First, how should police officers respond when a police station is attacked by a violent mob armed with rocks and knives?
Second, how would police officers in their own country react to such a scenario?
Here is what happened in the Ganzi Tibetan autonomous prefecture:
In the face of the mob, which had attacked stores and bank facilities and smashed police vehicles and fire trucks at a police station, local police officers opened fire.
At least one person was killed. Many others, police officers included, were injured.
Although the death was tragic and lamentable, for the police, opening fire was the only course of action in the circumstances. They not only had to contain the commotion and restore calm, but also defend themselves and prevent even more disastrous consequences.
Police officers in Western countries also resort to force and use weapons when the occasion demands.
Our country has extremely strict rules on the use of weapons by police officers. Which is why the majority of Chinese police do not even carry weapons as part of their daily job. The actions of the mob in Ganzi constituted a clear and present danger to life and property that justified the use of force.
Yet, like always, just because it happened in a Tibetan-inhabited area and some monks were involved, the incident has been portrayed as part of the so-called repression of an ethnic group, and has been distorted by those who seek to gain by promoting the idea that religious freedom is being suffocated.
Dharamshala and its Western patrons spare no effort in exploiting such incidents to their own advantage. And, thanks to their long-term endeavors their bogus claims are voluntarily trumpeted by some Western media all too eager to engage in a new round of China-bashing.
The truth in Tibet and Tibetan-inhabited areas is the opposite of that espoused by Dharamshala and lies cannot blind people from the truth forever.
The average Tibetan, no matter where he or she is in China, has complete freedom to worship.
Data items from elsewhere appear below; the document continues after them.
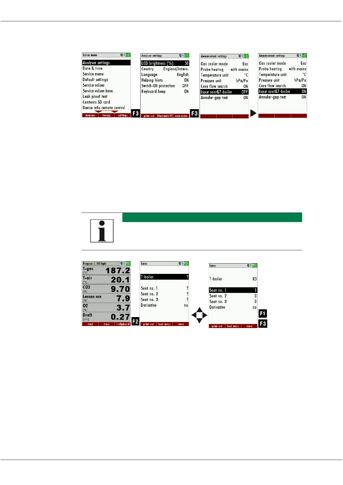 ► Enter the determined values for T-boiler, Soot no. 1, Soot no. 2, Soot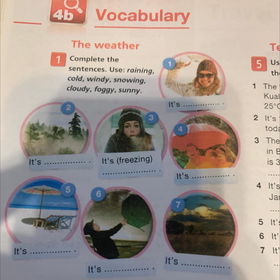 sentences. Use: raining,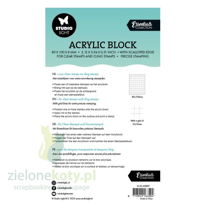 Bloczek akrylowy do stempli Studio Light z siatką 8x10 cm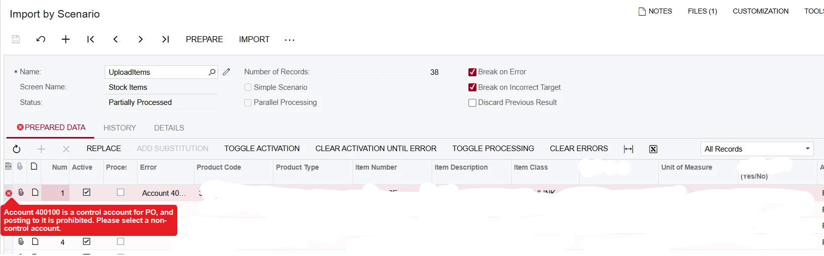 I was working on an import scenario to create stock items and encountered the following error during processing:

And the government's care for the preservation of their cultural traditions is meticulous, and, we might add, generous.
Dharamshala blinds itself to the truth and seeks to obscure the facts, because a content and peaceful Tibet is detrimental to its aims.
In order to remain relevant and of use to its foreign patrons, Dharamshala has to continue instigating unrest. But the majority of Tibetans know that is not the path to a better future.